▸ **SUPPLIED ENTRIES**
• • • •
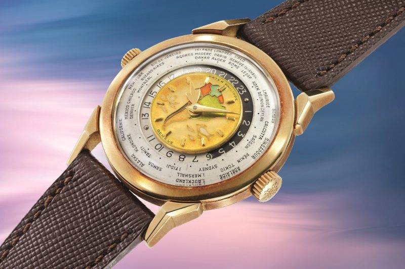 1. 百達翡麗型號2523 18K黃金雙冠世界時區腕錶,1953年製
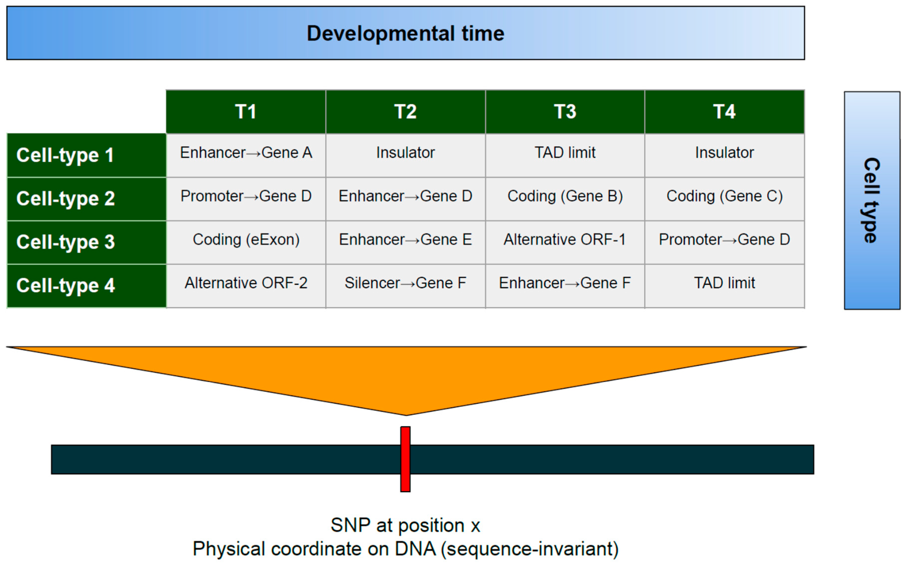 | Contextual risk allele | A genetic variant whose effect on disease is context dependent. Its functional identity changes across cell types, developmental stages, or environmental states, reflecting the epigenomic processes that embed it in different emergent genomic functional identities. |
• • • •
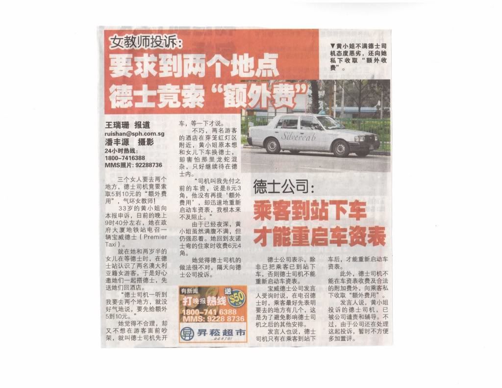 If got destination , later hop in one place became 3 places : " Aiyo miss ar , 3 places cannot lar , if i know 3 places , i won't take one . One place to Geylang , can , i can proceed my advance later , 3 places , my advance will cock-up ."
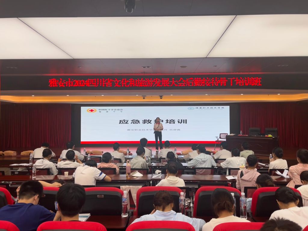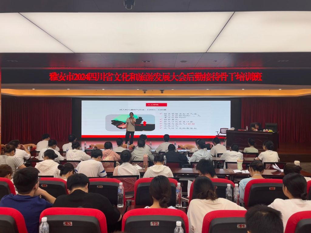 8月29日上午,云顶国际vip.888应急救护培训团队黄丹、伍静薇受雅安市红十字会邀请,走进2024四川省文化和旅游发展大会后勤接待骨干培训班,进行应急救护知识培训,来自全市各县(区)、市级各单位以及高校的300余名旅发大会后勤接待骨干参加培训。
• • • •
▸ **THE PROBLEM**
Pictures excluded, give again exactly and only the lines of the material above from the line with "1. 百達翡麗型號2523 18K黃金雙冠世界時區腕錶,1953年製" through the line with "functional identities. |".

▸ **EXERCISE RESPONSE**
 1. 百達翡麗型號2523 18K黃金雙冠世界時區腕錶,1953年製
 | Contextual risk allele | A genetic variant whose effect on disease is context dependent. Its functional identity changes across cell types, developmental stages, or environmental states, reflecting the epigenomic processes that embed it in different emergent genomic functional identities. |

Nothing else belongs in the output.